Guess again. 2004 was the first year the distance clocked in at over 7000 yards for the pros. Instead, this true target golf course requires careful concentration and course management on every shot. This is not a course that can be overpowered with a driver as the penalty for any missed shot is bogey or worse. Dye’s philosophy in designing this course for pros playing in a marquis event was “they can’t recover from water.” Dye is right. With its penal nature, pros hate a water hazard just as much as weekend golfers. Accordingly, there is water present on every hole (although not always in play) and Dye’s intimidating water hazards, mounding and bunkering leaves little room for error.
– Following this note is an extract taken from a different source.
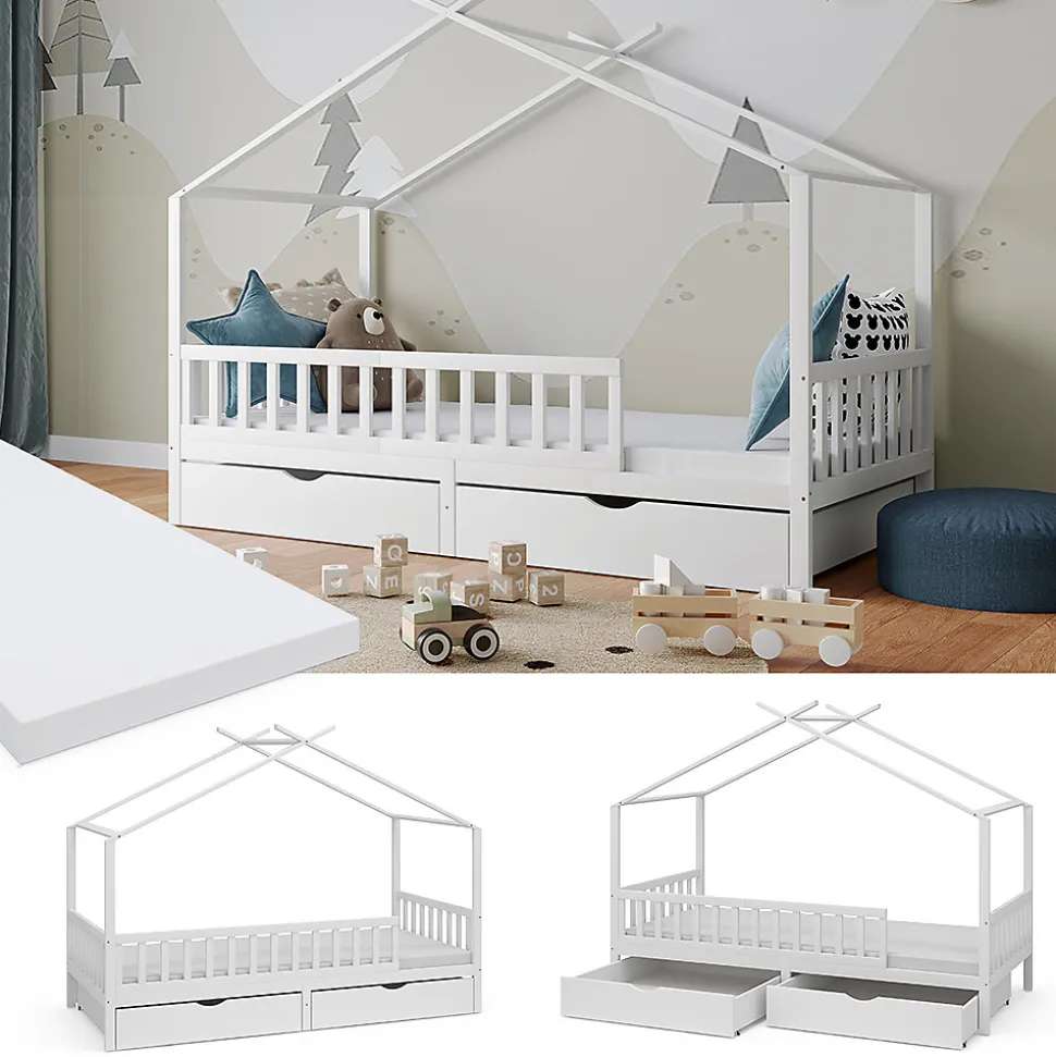 Le lit denfant Livinity Franka en blanc offre un espace de rangement supplémentaire pour la chambre denfant grâce à ses 2 tiroirs.Grâce au design de la maison de lit, vous pouvez personnaliser le lit avec des décorations ou des rideaux.DIMENSIONS : Le Lit enfant convient pour un matelas de90x200 cm et a une hauteur de 155 cm. Toutes les tailles détaillées sont indiquées sur les photos.MATÉRIAU: Le lit de la maison est constitué de bambou faciles à entretenir.CONTENU DE LA LIVRAISON: Lit de maison, 2x tiroir, Matelas, Instructions de montage, Matériel de montage.

Sawgrass is also a showcase of all the great design features Dye has embraced and shared with the golfing community. Severe mounding, bulk-headed water hazards, pot bunkers and staggered tee boxes (his wife Alice places the ladies tees now, usually well in front of the trouble) and stadium mounding for spectators, are all hallmarks of design features he returned with from the British Isles. These classic aesthetic features are woven onto a design which is rich in strategic, risk-reward options. Reachable par fives are guarded by menacing water hazards. Short par fours are strengthened by false front greens, penal bunkers and devilish collection areas. Shot requirements are varied, keeping the player off balance. One minute the course calls for a draw, then later a fade. One hole is short, the next long. And at all times Sawgrass demands a wide range of creative shotmaking and a wealth of patience. The course is not long so smart players who hit their targets all day will actually leave with a respectable score.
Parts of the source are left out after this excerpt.